TASK STATEMENT: Make an exact copy of the data below, leaving out every picture.

::: SOURCE RECORDS

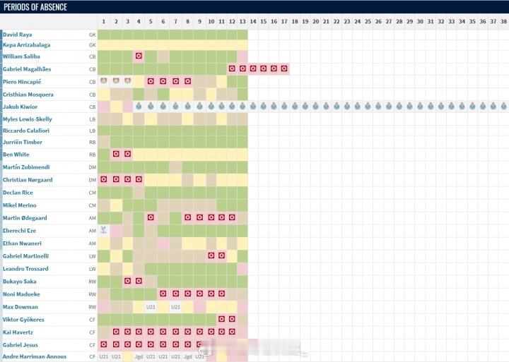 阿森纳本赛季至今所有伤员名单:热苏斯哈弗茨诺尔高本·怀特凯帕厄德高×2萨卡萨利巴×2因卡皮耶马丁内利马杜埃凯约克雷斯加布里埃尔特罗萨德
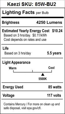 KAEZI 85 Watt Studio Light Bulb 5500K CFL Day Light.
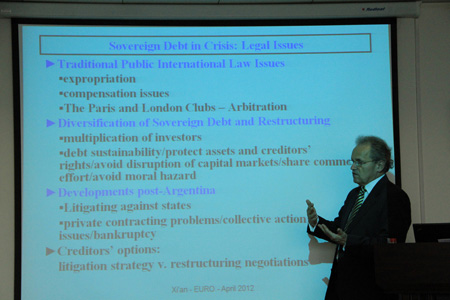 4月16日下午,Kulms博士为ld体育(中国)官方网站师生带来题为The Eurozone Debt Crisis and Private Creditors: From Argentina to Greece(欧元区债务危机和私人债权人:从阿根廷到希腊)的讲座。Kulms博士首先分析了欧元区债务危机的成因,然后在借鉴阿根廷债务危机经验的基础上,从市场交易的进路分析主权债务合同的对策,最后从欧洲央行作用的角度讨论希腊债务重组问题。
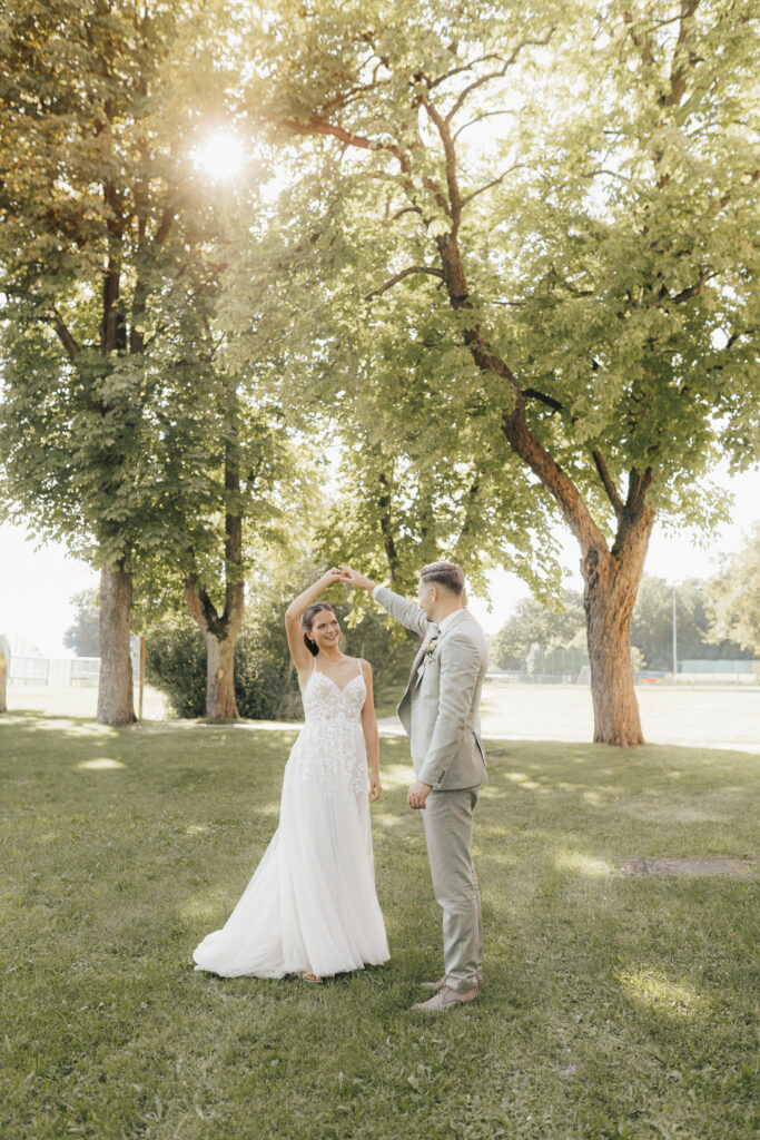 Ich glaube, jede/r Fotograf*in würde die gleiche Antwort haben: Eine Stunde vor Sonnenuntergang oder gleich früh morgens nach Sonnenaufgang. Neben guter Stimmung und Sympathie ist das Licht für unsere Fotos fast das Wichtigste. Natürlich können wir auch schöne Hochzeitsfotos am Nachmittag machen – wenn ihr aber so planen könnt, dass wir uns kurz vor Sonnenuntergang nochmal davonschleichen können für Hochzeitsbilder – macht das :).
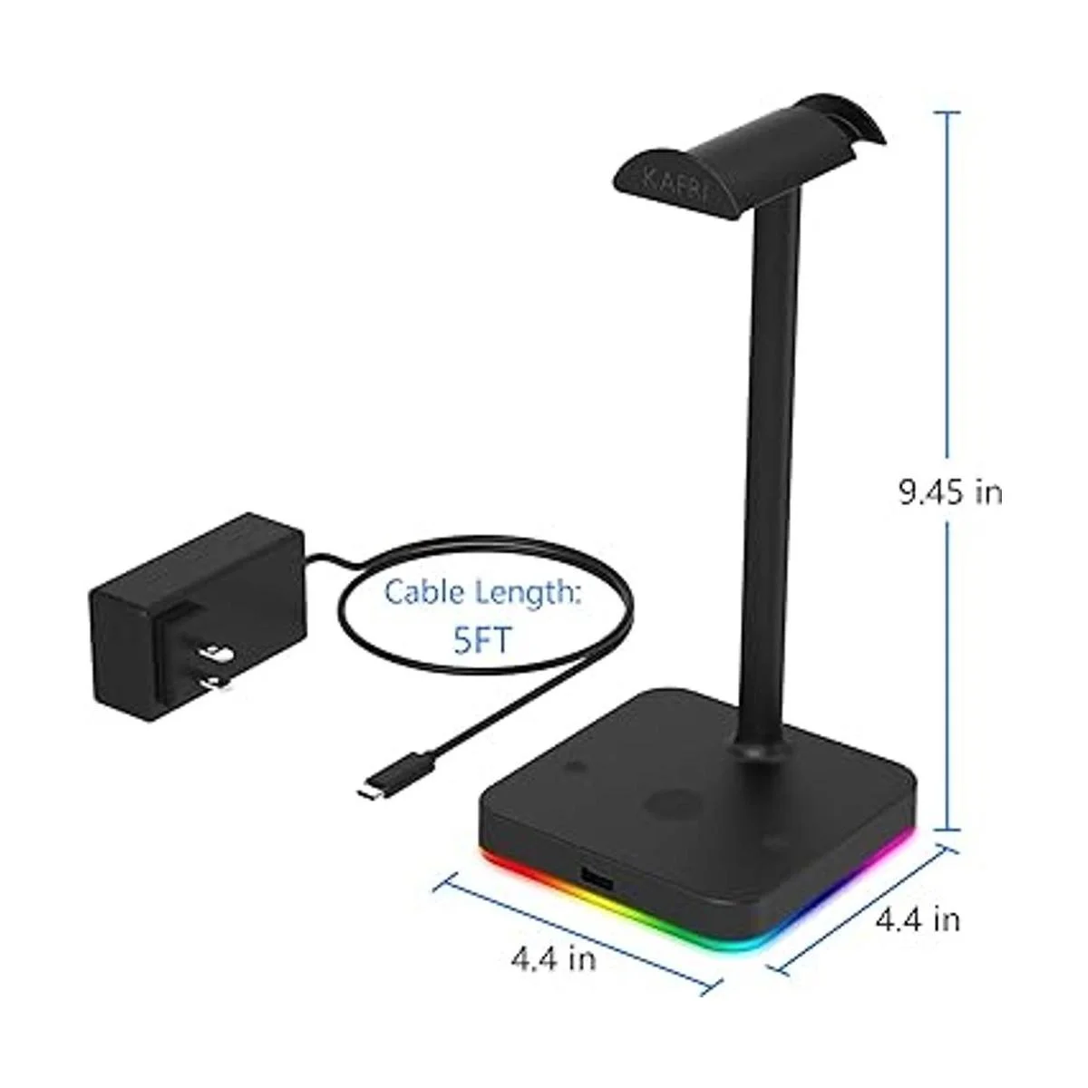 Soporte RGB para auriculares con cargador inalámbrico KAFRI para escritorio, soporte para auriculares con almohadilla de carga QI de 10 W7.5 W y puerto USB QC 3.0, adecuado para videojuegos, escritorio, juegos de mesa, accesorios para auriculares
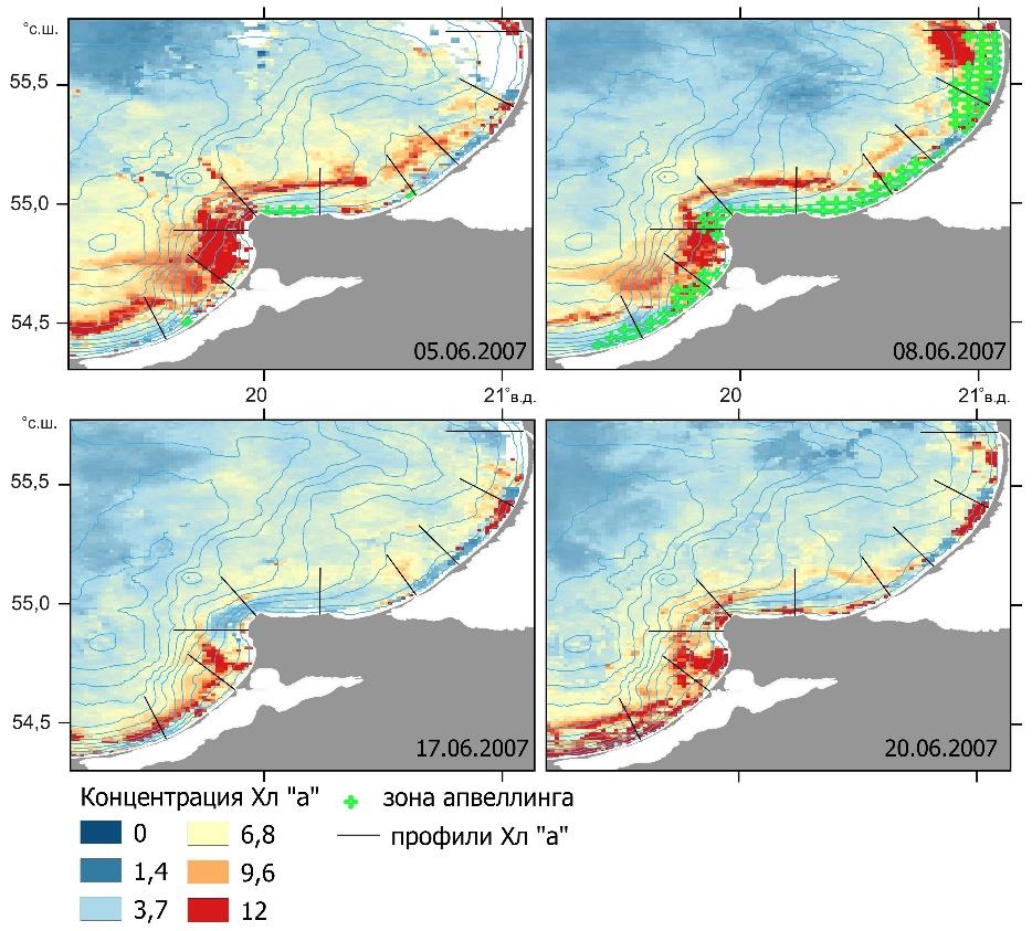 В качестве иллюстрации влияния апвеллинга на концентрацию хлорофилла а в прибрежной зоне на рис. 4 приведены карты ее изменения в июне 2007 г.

::::::

ANSWER:
 阿森纳本赛季至今所有伤员名单:热苏斯哈弗茨诺尔高本·怀特凯帕厄德高×2萨卡萨利巴×2因卡皮耶马丁内利马杜埃凯约克雷斯加布里埃尔特罗萨德
 KAEZI 85 Watt Studio Light Bulb 5500K CFL Day Light.
 4月16日下午,Kulms博士为ld体育(中国)官方网站师生带来题为The Eurozone Debt Crisis and Private Creditors: From Argentina to Greece(欧元区债务危机和私人债权人:从阿根廷到希腊)的讲座。Kulms博士首先分析了欧元区债务危机的成因,然后在借鉴阿根廷债务危机经验的基础上,从市场交易的进路分析主权债务合同的对策,最后从欧洲央行作用的角度讨论希腊债务重组问题。
 Ich glaube, jede/r Fotograf*in würde die gleiche Antwort haben: Eine Stunde vor Sonnenuntergang oder gleich früh morgens nach Sonnenaufgang. Neben guter Stimmung und Sympathie ist das Licht für unsere Fotos fast das Wichtigste. Natürlich können wir auch schöne Hochzeitsfotos am Nachmittag machen – wenn ihr aber so planen könnt, dass wir uns kurz vor Sonnenuntergang nochmal davonschleichen können für Hochzeitsbilder – macht das :).
 Soporte RGB para auriculares con cargador inalámbrico KAFRI para escritorio, soporte para auriculares con almohadilla de carga QI de 10 W7.5 W y puerto USB QC 3.0, adecuado para videojuegos, escritorio, juegos de mesa, accesorios para auriculares
 В качестве иллюстрации влияния апвеллинга на концентрацию хлорофилла а в прибрежной зоне на рис. 4 приведены карты ее изменения в июне 2007 г.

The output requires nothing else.